- Born: Paul Schersten
- Citizenship: American
- Education: Hubert H. Humphrey Institute of Public Affairs
- Occupation(s): Writer, comedian

= Paul Chaplin =

American writer and comedian

Paul Chaplin (born Paul Schersten) is an American writer and comedian, known for his work on the television series Mystery Science Theater 3000, for which he wrote and played the recurring characters of an Observer, Ned the Nanite, Pitch the Demon, and Ortega, along with several other bit roles.

== Early years==
After earning his master's degree from the Hubert H. Humphrey Institute of Public Affairs, Schersten became a community organizer in Saint Paul, Minnesota. After finding little reward in his work he decided to pursue a career in comedy. It was during this time that Schersten took the stage surname Chaplin.

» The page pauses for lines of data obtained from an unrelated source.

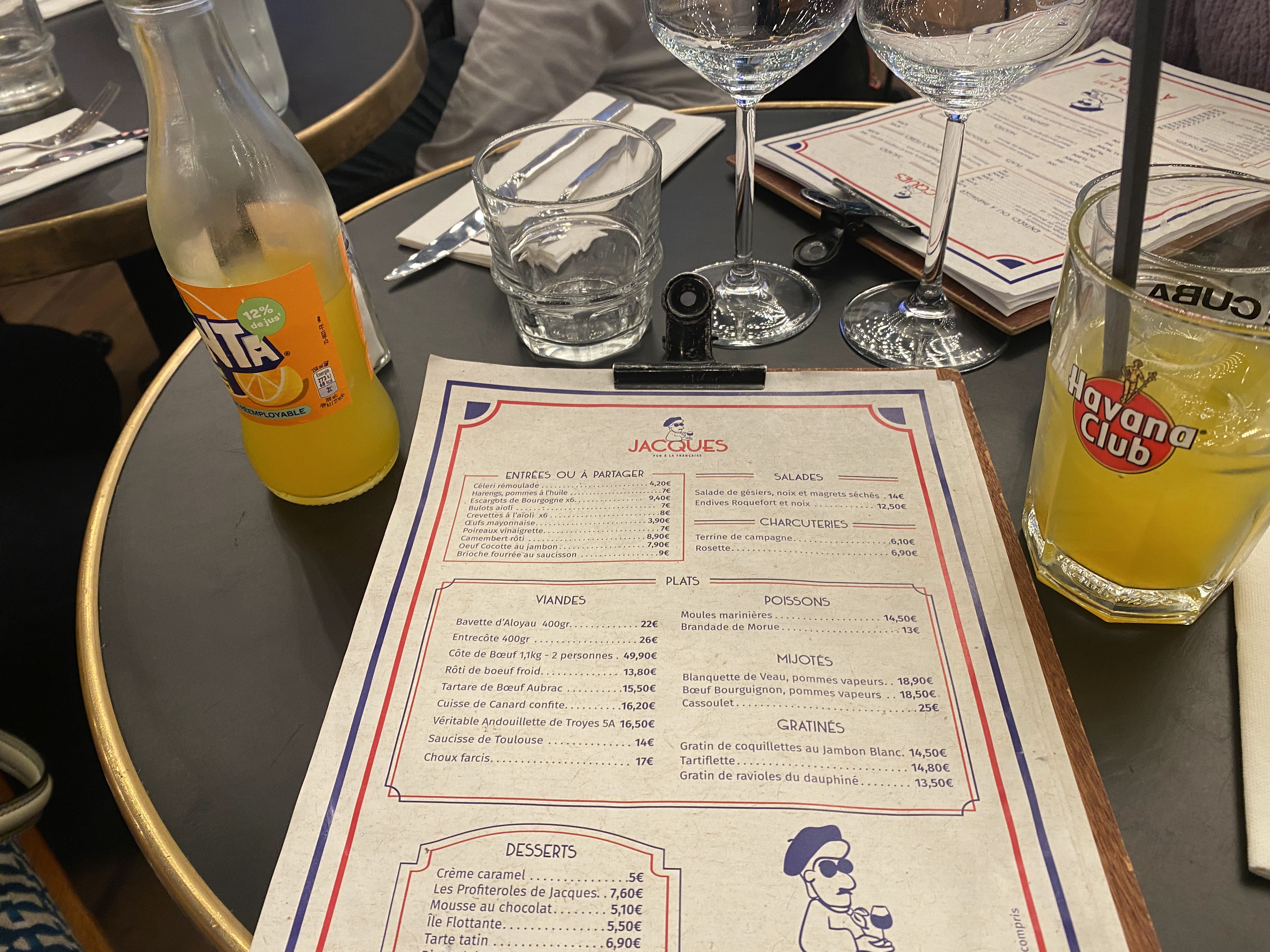 Première fois chez Jacques et je suis satisfaite. Plats français, la carte parfaite, les plats simple mais très bon, et les tarifs corrects. Niveau qualité/prix je recommande vivement. C'est vrai que c'est un peu bruyant , dù certainement au haut plafond de la chaumière. Mais comme indiqué, c'est un Pub a la Française, Donc qui dit Pub dit ambiance !
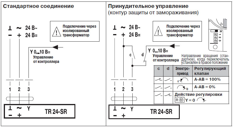 Защита от перегрузок в приводе BELIMO TR24-SR обеспечивается за счет функции автоматического прекращения работы по достижению финальных положений.
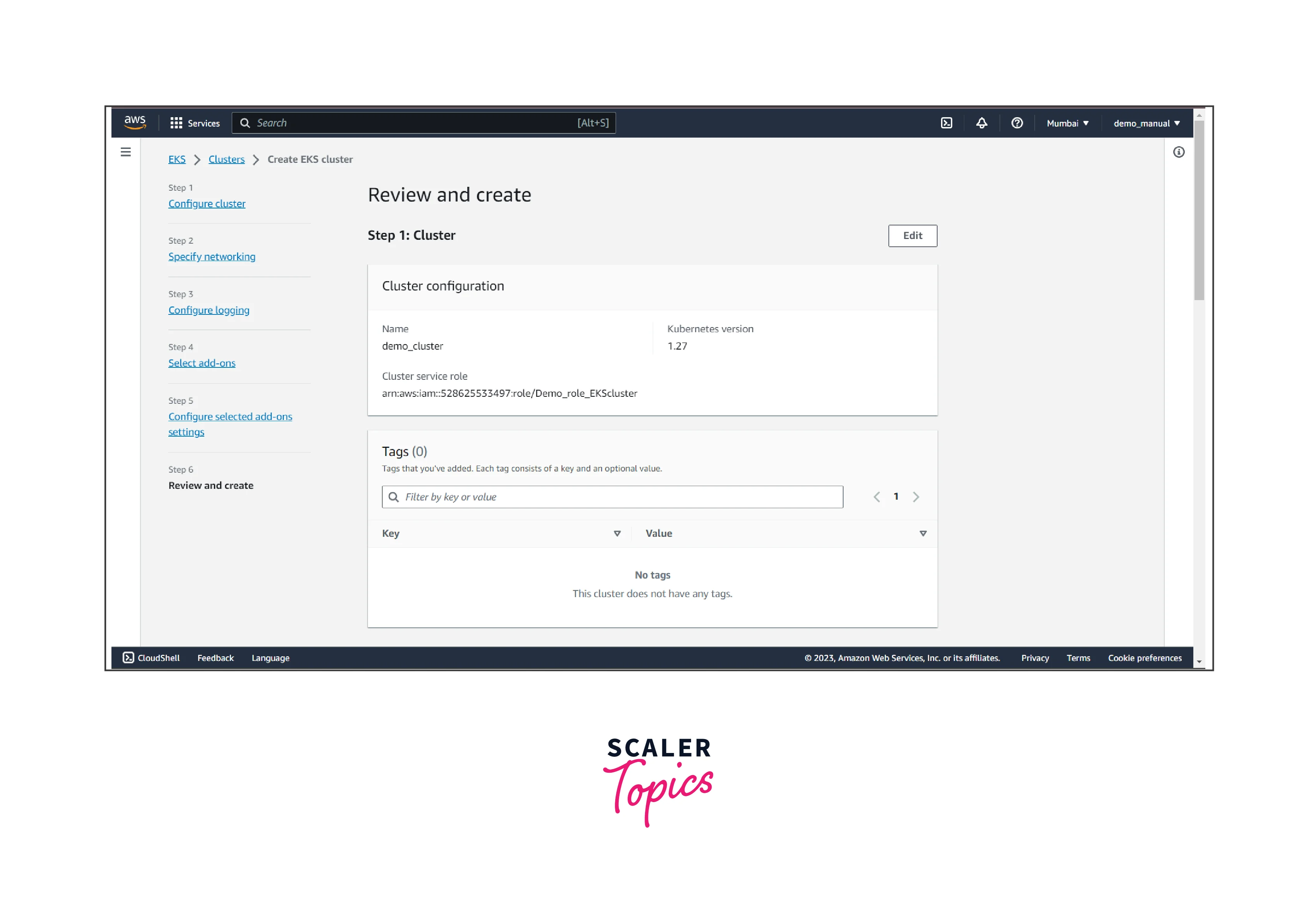 Tags (Optional): Add any tags you want to associate with your cluster.
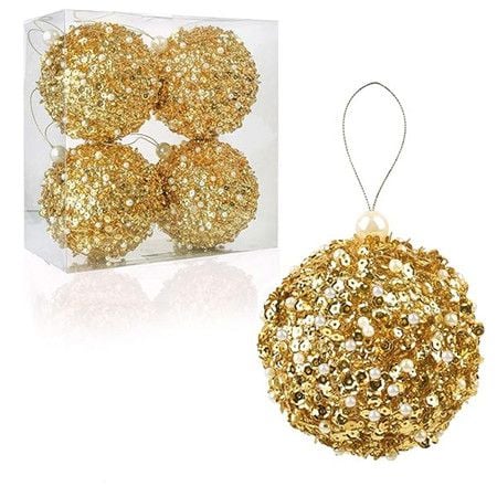 3.2 Inch Christmas Ball Ornaments Set of 4 Shatterproof Christmas Tree Decorations for Christmas Trees Wedding Party Holiday Table Decoration for Small Trees (Gold)

== Mystery Science Theater 3000 ==

While working the comedy club circuit in Minneapolis, Chaplin met Michael J. Nelson and Mary Jo Pehl. During the third season of MST3K, Nelson approached Chaplin and asked him about becoming a writer on Mystery Science Theater 3000 (MST3K). Nelson tested Chaplin by giving him ten minutes of footage from the movie Daddy-O, which Chaplin was to take home and give the "MST3K treatment". Chaplin passed the test with "flying colors", and was hired by Best Brains as a writer.

During his tenure on MST3K, Chaplin portrayed several characters in addition to his writing duties, most notably an Observer, Pitch the Demon (originally portrayed in the movie Santa Claus), Ned the Nanite, and Ortega (originally portrayed in the movie The Incredibly Strange Creatures Who Stopped Living and Became Mixed-Up Zombies).

== Work since MST3K ==
Since MST3K ended its eleven-year run in 1999, Chaplin has collaborated with his former MST3K colleagues on projects such as Edward the Less and Timmy Big Hands, and has also written for NPR and Elysian Fields Quarterly.

In the 2007 MST3K online animated series, Chaplin provided the voice of Crow T. Robot in addition to writing the show. He also guest starred in the show's 11th season.